Replenishment is a metric the Thomson Reuters Institute tracks to essentially account for timekeepers leaving a firm compared to timekeepers joining it. A replenishment ratio of 1.0 indicates a 1:1 ratio of timekeepers going in compared to those going out. Anything below a 1.0 indicates a shrinking timekeeper group.

partnerships

It should be noted from the outset that both non-equity and equity partner tiers are in a long-term pattern of contraction. In fact, each tier only shows a single quarter of replenishment above 1.0 since 2010, with the tiers frequently trading places in terms of which is being replenished more robustly.

But since early 2020, a clear and often widening gap between the tiers can be observed. Replenishment of non-equity partners has hovered around 0.8. In contrast, replenishment of equity partners has varied relatively widely, dipping as low as 0.54 before recovering to 0.75 at the end of 2022. At that same time, however, non-equity partner replenishment jumped to 0.94, the first time that non-equity partner replenishment reached that high since 2016.

An increasing population of non-equity partners could be both a benefit and a detriment to law firms with two-tier partnership structures.

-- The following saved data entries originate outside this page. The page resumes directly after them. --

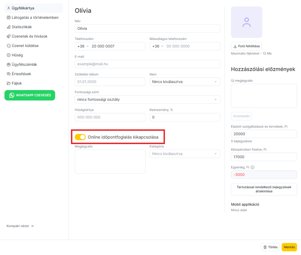 Ahhoz, hogy egy ügyfelet feketelistára helyezz az online időpontfoglalóban lépj a Ügyfelek > Vendégkönyv menüpontra, válaszd ki a kívánt ügyfelet, majd jelöld be az Online időpont-foglalás kikapcsolása jelölőnégyzetet.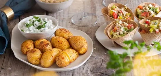 Serveer de aardappeltjes met de remouladesaus.
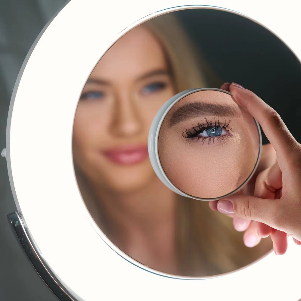 Whether you’re inserting contact lenses, plucking eyebrows, or want to perfect your eye makeup, you’ll be amazed at how much detail you can see when using the Ilios Lighting 10x Mirror. The mirror attaches to the Beauty Ring’s 1x mirror using the built-in magnets.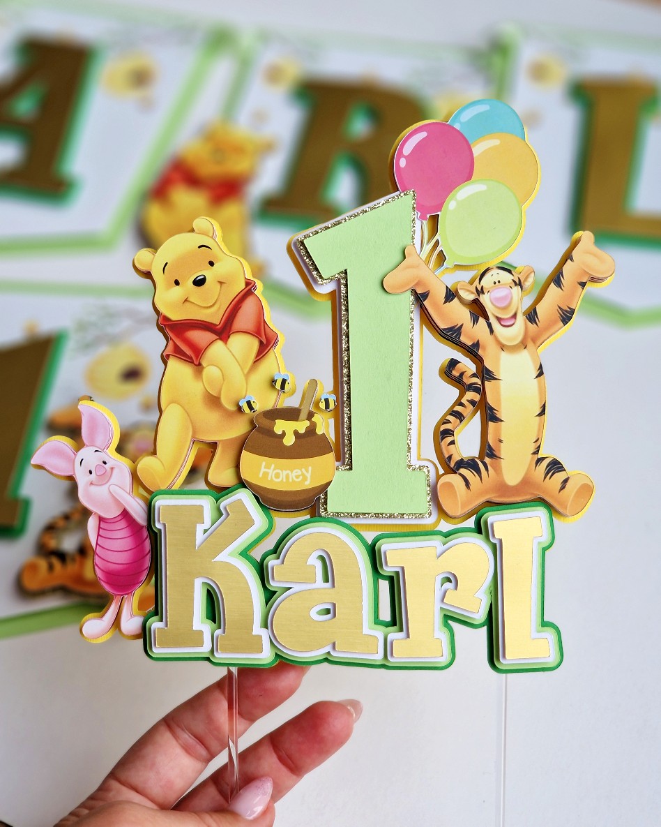 Karupoeg Puhhi koogitopper on ideaalne kaunistus lapse sünnipäevatordile, tuues armsa ja mängulise meeleolu otse peolauale. Topperil on kujutatud kõikide lemmikud – Karupoeg Puhh oma meepotiga, rõõmsameelne Notsu, energiline Tiiger ning värvilised õhupallid, mis loovad piduliku tunde. See kaunis detail paneb lapse sünnipäevatordi särama ja jääb kindlasti kaunilt meelde nii sünnipäevalapsele kui ka külalistele. Värvid on rõõmsad ja lapsemeelsed, sobides ideaalselt laste sünnipäeva teemadega – heleroheline, roheline, kuldne ja kollane. Lisaks saab topperile lisada lapse nime ja vanuse, mis muudab selle veelgi personaalsemaks ja erilisemaks.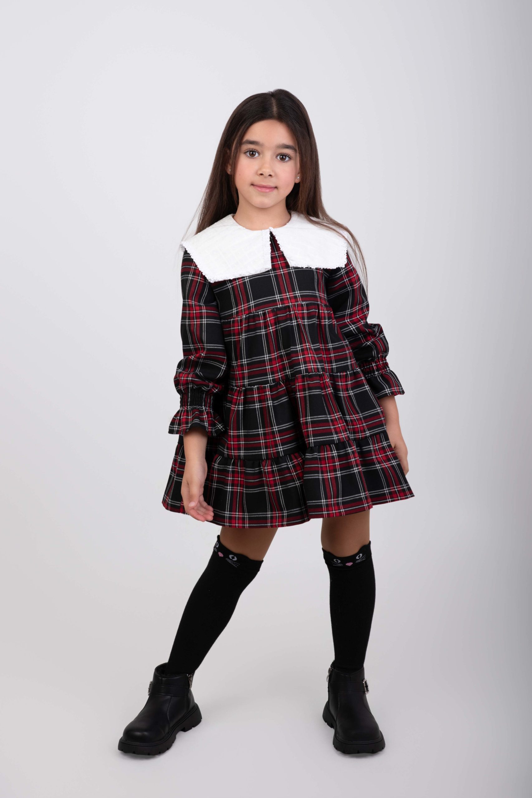 Vestido de color negro con estampado de cuadros tartán en tonos rojo y blanco. Con volantes, mangas elásticas. Forro interior. Cuello Peter pan en color blanco con estampado de cuadros y plumeti en tonos blanco, detalles bordado. Abertura trasera por cremallera.

On the downside, non-equity partners naturally tend to bear little responsibility for business development and new client generation. Their contribution to the firm’s bottom line, therefore, depends on their productivity and individual profitability. One might hope that a lack of business development commitments would mean that non-equity partners have more time to devote to billable work. However, long-term patterns indicate that non-equity partners consistently underperform their equity partner counterparts in terms of hours worked per lawyer per month.

partnerships

Going back to 2005, as far back as our data exists, there have been rare examples of non-equity partners approaching parity with equity partners in terms of productivity. However, the typical gap between the average equity partner and the average non-equity partner is between 7 and 11 hours per lawyer per month. Given the typical billing rates of these lawyers, that can translate into a sizeable gap in revenue.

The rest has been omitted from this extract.